The problem: Runway incursions

So first let’s start with the problem. Runway Incursions are a serious safety issue present at every aerodrome.  They are classified as one of the significant seven with the UK CAA and there have been three editions of the European action plan for the prevention of runway incursions (EAPRI) to attempt to combat the phenomenon.

The ICAO runway incursion definition is “any occurrence at an aerodrome involving the incorrect presence of an aircraft, vehicle or person on the protected area of a surface designated for the landing and take-off of aircraft.”

Most efforts to combat the problem of runway incursions have been focused on the preventative side. One of the key safety nets working to prevent runway incursions in Europe are Stop bars. Stop bars are a set of red lights positioned along the runway hold point that are only turned off once the aircraft or vehicle is given clearance to enter the runway. They form the so called ‘ring of red’ around the runway and are increasingly becoming H24.

One system that was designed to mitigate the situation after an incursion has occurred is the Runway Incursion Monitoring and Collision Avoidance System (RIMCAS). This system alerts the ATCO if an aircraft or vehicle crosses the runway hold point without clearance. The ATCO can then tactically intervene to mitigate the situation if there is time and this is the biggest problem the system faces. If a runway incursion occurs as an aircraft is taking off, the time for the ATCO to react to the alarm, assess the situation and relay instructions is limited. The potential solution is Runway Status Lights (RWSL).

 

Why were RWSLs created?

RWSL were first created in the USA by the FAA. First thing to note is that in America they typically don’t use stop bars and instead have guard lights (Wig Wags) inset into the pavement of the hold point. These work great as a permanent warning that a runway is ahead but do not warn a pilot that they don’t have clearance to enter the runway.

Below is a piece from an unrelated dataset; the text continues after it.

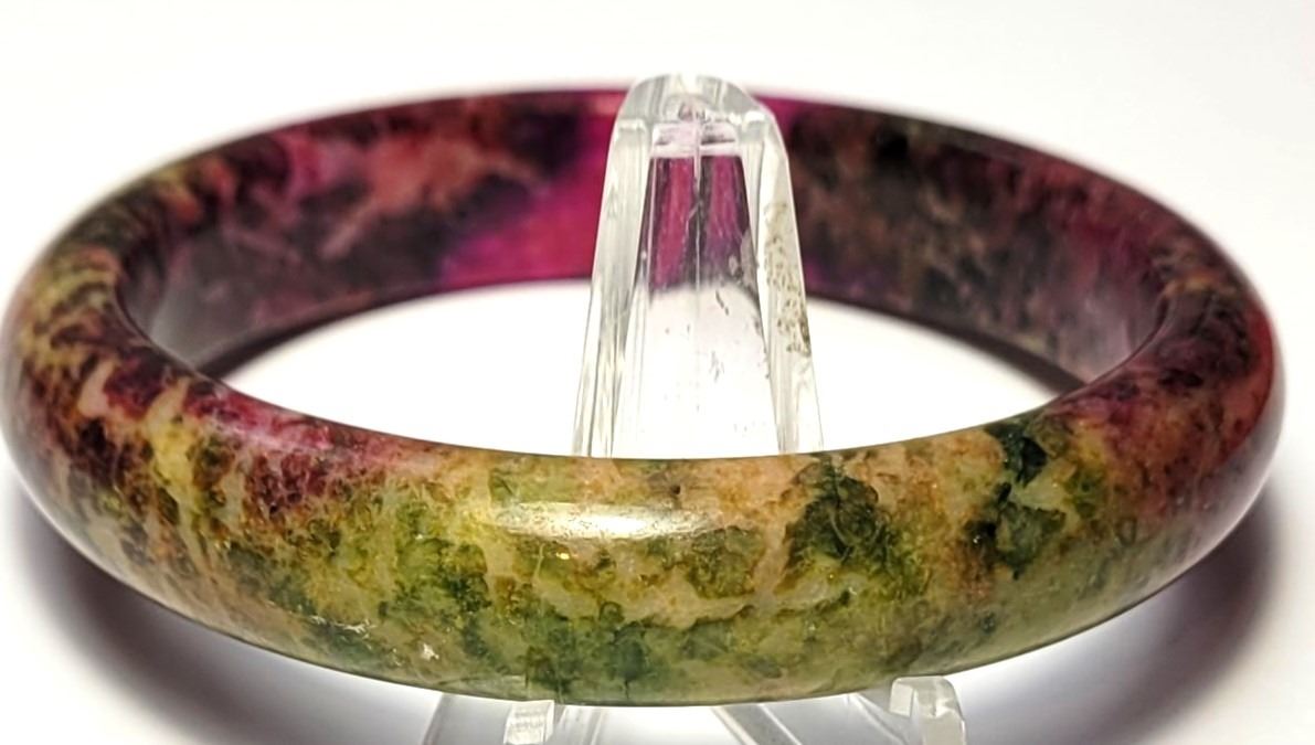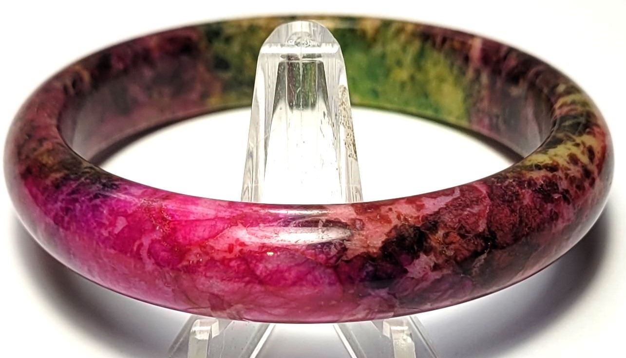 6) NATURAL PEACOCK PEACH BLOSSOM JADE BRACELET,

If you look at LAX and SFO as examples they have closely spaced parallel runways where an aircraft lands and then has to hold short of the parallel runway whilst an aircraft is taking off on it. If the flight crew don’t hold and enter the runway, there will be hardly any time to alert either the aircraft entering the runway to stop or the aircraft taking off to abort take-off or try to climb over. This situation is why RWSLs were conceived and developed.

 

What are runway status lights?

So, what are Runway Status lights? RWSLs are a fully automatic, advisory safety system designed to reduce the likelihood of high severity runway incursions; whilst not interfering with airport operations.

The system is split into three parts; Take-off Hold Lights (THLs), Runway Entrance Lights (RELs) and Runway Intersection Lights (RILs). I will be focussing on the first two as they are most relevant for runway incursions.

Take-off Hold Lights are a strip of red lights placed either side of the centre line lights located at the start of the runway. If an aircraft enters the runway, with or without clearance, the THLs will turn on and warn the pilot it is not safe to take-off.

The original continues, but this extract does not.